> _Directions_: From the first line to the last, retype everything below exactly, minus the pictures.

> _Dataset content_:
[Start of section]

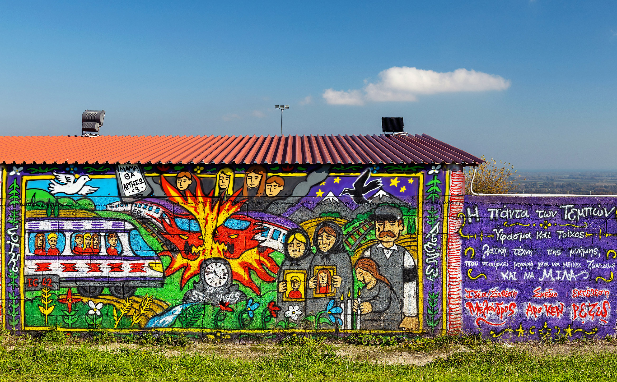 Η “Πάντα των Τεμπών” στον ΠυργετόΣτον Πυργετό Λάρισας, στο γήπεδο του χωριού, ένα γκράφιτι ξεχωρίζει όχι μόνο για το καλλιτεχνικό του αποτύπωμα, αλλά και για το βαθύ του μήνυμα. Πρόκειται για την «Πάντα των Τεμπών», ένα μεγάλο εικαστικό έργο που δημιουργήθηκε το καλοκαίρι του 2025 στο πλαίσιο του 2ου Φεστιβάλ Κάτω Ολύμπου και είναι αφιερωμένο στις 57 ψυχές που χάθηκαν στο σιδηροδρομικό δυστύχημα των Τεμπών.
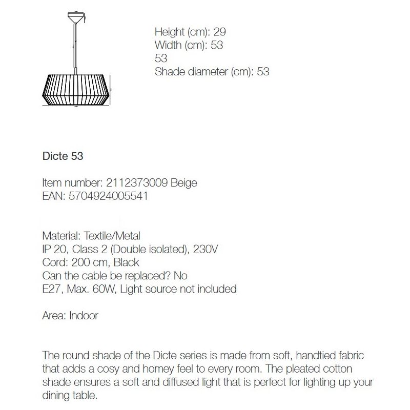 Nuanța rotundă a seriei Dicte este realizată dintr-o țesătură moale, îmbrăcată manual, care adaugă o senzație confortabilă și casnică fiecărei camere. Abajurul mare din bumbac plisat asigură o lumină moale și difuză, care este suspendată elegant de baza curbată a lămpii - pentru a se apleca deasupra unui fotoliu sau a unei măsuțe de cafea.
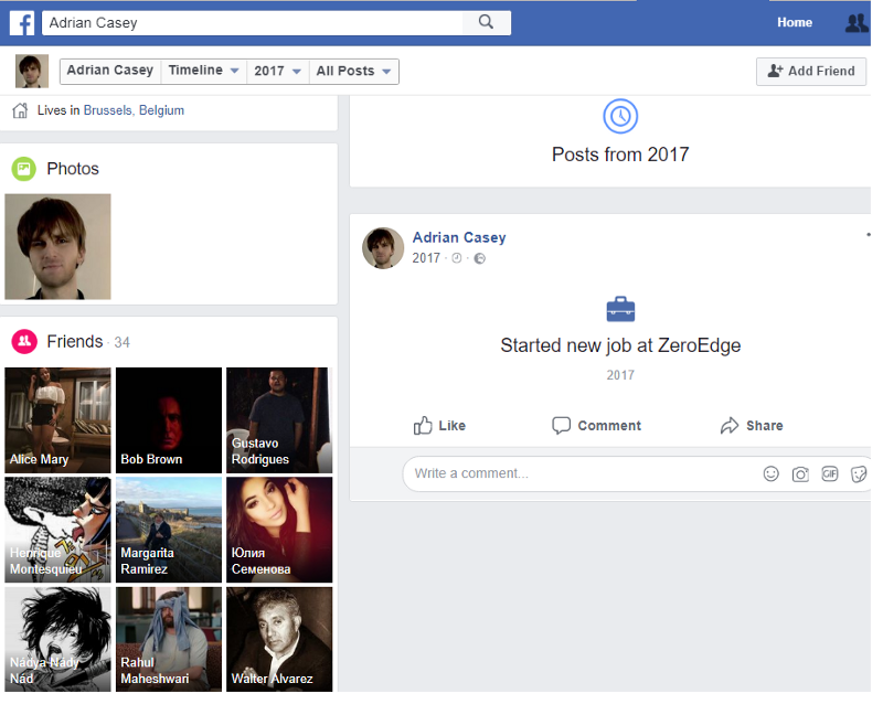 Сотрудники ZeroEdge также фейковые. Название учетных записей и имен веб-аналитика Мариссы Пирс и финансового директора Зои Голан отличаются (название учетной записи можно увидеть в URL-адресе), вы также не найдете о них никакой дополнительной информации в интернете, а их список друзей наполнен абсолютно случайными людьми.

[End of section]

> _Solution for this exercise_:
 Η “Πάντα των Τεμπών” στον ΠυργετόΣτον Πυργετό Λάρισας, στο γήπεδο του χωριού, ένα γκράφιτι ξεχωρίζει όχι μόνο για το καλλιτεχνικό του αποτύπωμα, αλλά και για το βαθύ του μήνυμα. Πρόκειται για την «Πάντα των Τεμπών», ένα μεγάλο εικαστικό έργο που δημιουργήθηκε το καλοκαίρι του 2025 στο πλαίσιο του 2ου Φεστιβάλ Κάτω Ολύμπου και είναι αφιερωμένο στις 57 ψυχές που χάθηκαν στο σιδηροδρομικό δυστύχημα των Τεμπών.
 Nuanța rotundă a seriei Dicte este realizată dintr-o țesătură moale, îmbrăcată manual, care adaugă o senzație confortabilă și casnică fiecărei camere. Abajurul mare din bumbac plisat asigură o lumină moale și difuză, care este suspendată elegant de baza curbată a lămpii - pentru a se apleca deasupra unui fotoliu sau a unei măsuțe de cafea.
 Сотрудники ZeroEdge также фейковые. Название учетных записей и имен веб-аналитика Мариссы Пирс и финансового директора Зои Голан отличаются (название учетной записи можно увидеть в URL-адресе), вы также не найдете о них никакой дополнительной информации в интернете, а их список друзей наполнен абсолютно случайными людьми.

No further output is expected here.